Many walk a fine line between showing off and staying on the down low. Instead of putting property in their own names, they may arrange to put the names of their spouses, children, lawyers or other proxies on property deeds. Often, the buyer of record isn’t even a flesh-and-blood person — it’s an anonymous limited liability company set up in a U.S. state, or an offshore company established in the British Virgin Islands or some other overseas haven.
The offshore maze
The story of the Manhattan apartment purchased by Taiwan’s former first family illustrates how offshore structures are used to steer ill-gotten gains into real estate. Along with passing through a tangle of bank accounts, the bribe money’s origins and the identities of the people associated with it were obscured by the use of offshore entities, including a trust registered on the Island of Nevis and shell companies in the British Virgin Islands.
As a final step, a Miami-based wealth advisor, a German national named Stefan R. Seuss, set up a New York company, West 28th Street LLC, that stood in as the Chelsea condo’s owner of record. Any check of the LLC’s ownership would have traced back to one of the British Virgin Islands companies and hit a dead end.
Financial crime experts have a name for the process of creating mazes of bank accounts and offshore companies to move and hide money: layering. When the layers are laid down skillfully, it’s often impossible for authorities to detect flows of illicit cash.
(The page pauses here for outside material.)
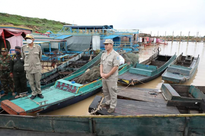 កម្មវិធីទី៤៖ តាមផ្លូវមកកាន់ទីរួមខេត្តសៀមរាប ឯកឧត្តមរដ្ឋមន្ត្រី និងសហការីបានអញ្ជើញឈាងចូលពិនិត្យឧបករណ៍ដែលរឹបអូសបានពីបទល្មើសនៅសង្កាត់រដ្ឋបាលជលផលភ្នំក្រោម។ យោងតាមរបាយ ការណ៍របស់ខណ្ឌរដ្ឋបាលជលផលសៀមរាប និងមន្ទីរកសិកម្ម រុក្ខាប្រមាញ់ និងនេសាទខេត្តសៀមរាប បានឲ្យដឹងថា ៖ - សមត្ថកិច្ចខណ្ឌរដ្ឋបាលជលផលចេញអន្តរាគមន៍ចុះទប់ស្កាត់ និងបង្ក្រាបបទល្មើសជលផល នៅចំណុចភូមិទី៧ សង្កាត់ចុងឃ្នៀស បានដកហូតឃាត់ទុកវត្ថុតាងបទល្មើស (ជនសង្ស័យបានរត់គេចខ្លួនបាត់) មានឧបករណ៍អួនអូសទឹកសាបចំនួន០២ វង់។ - គិតចាប់ពីថ្ងៃទី២ ខែមីនា ដល់ថ្ងៃទី១ ខែមេសា ឆ្នាំ២០២២ បានបង្ក្រាបបទល្មើសឧបករណ៍អួនអូសទឹកសាប ១៧វង់ ម៉ាញ់៣វង់ អួនហ៊ុម ៤វង់ កាណូត ៤៦គ្រឿង ម៉ាស៊ីន ១៤ គ្រឿង បញ្ជូនសំណុំរឿងទៅតុលាការ ១១ករណី និងចេញដីកាកោះ១១នាក់។ ឯកឧត្តមរដ្ឋមន្ត្រីបានណែនាំឲ្យខណ្ឌរដ្ឋបាលជលផល និងមន្ទីរកសិកម្ម រុក្ខាប្រមាញ់ និងនេសាទ កសាងសំណុំរឿងទាំងជនល្មើស និងវត្ថុតាងដែលរឹបអូសបាន។ ឧបករណ៍ និងសម្ភារមួយចំនួន គួរយកប្រើប្រាស់ជាប្រយោជន៍ដូចជាស្បៃមុង យកទៅធ្វើទ្រុងចិញ្ចឹមមាន់ និងជារនាំងបាំងសួនបន្លែ ក្រោយពីតុលាការបានជម្រះក្តីរួចរាល់។ ដោយឡែក ទូកម៉ាស៊ីន ឬកាណូត គួរទុកប្រើប្រាស់បម្រើឲ្យការងារជលផល។ លោក ទៀ គឹមសុទ្ធ ប្រធានមន្ទីរកសិកម្ម រុក្ខាប្រមាញ់ និងនេសាទ ថានឹងសហការជាមួយខណ្ឌរដ្ឋបាលជលផលធ្វើការផ្តល់ជាគ្រឿងឧបភោគបរិភោគបន្ថែម ដូចជា សាច់សត្វ ត្រីងៀត បន្លែ និងអង្ករជូនដល់ក្រុមអន្តរាគមន៍ថ្នាក់ជាតិទាំងពីរទីតាំង។

The United Nations Office on Drugs and Crime estimates that as little as one-fifth of 1 percent of money that’s laundered around the world is identified and intercepted.
In the case of Taiwan’s former first couple, though, an amateurish blunder in the laundering process – having the corporate executive store the cash in his basement – may have helped unravel the scheme. The executive later provided evidence against the ex-president and first lady, who were eventually sentenced to lengthy prison terms on an array of corruption charges.
Court records indicate that Seuss, the wealth advisor, also betrayed the presidential family’s secrets — acknowledging that the first couple’s son and daughter-in-law had asked him to help them buy real estate in New York and Virginia but conceal their ownership of the properties. It appears Seuss provided this inside information to the government sometime after he was indicted in 2009 in Philadelphia on unrelated money laundering charges. He later pleaded guilty, paid a fine and served a short stint in jail.
Despite evidence marshaled by authorities in Taiwan and the U.S., American prosecutors had to battle for nearly 2½ years to seize the Chelsea condo as the proceeds of foreign corruption. An attorney representing the first couple’s son denied the family had done anything wrong and charged that the U.S. Justice Department’s forfeiture action was an effort to “curry favor with the current government of Taiwan.”
In April 2013 the condo was auctioned for $1.5 million. As part of a settlement of the litigation, $225,000 of that went to the offshore company that controls West 28th Street LLC. The rest sits in the U.S. Treasury, apparently waiting for a decision on Taiwan’s request that the U.S. share a portion of its take from the sale.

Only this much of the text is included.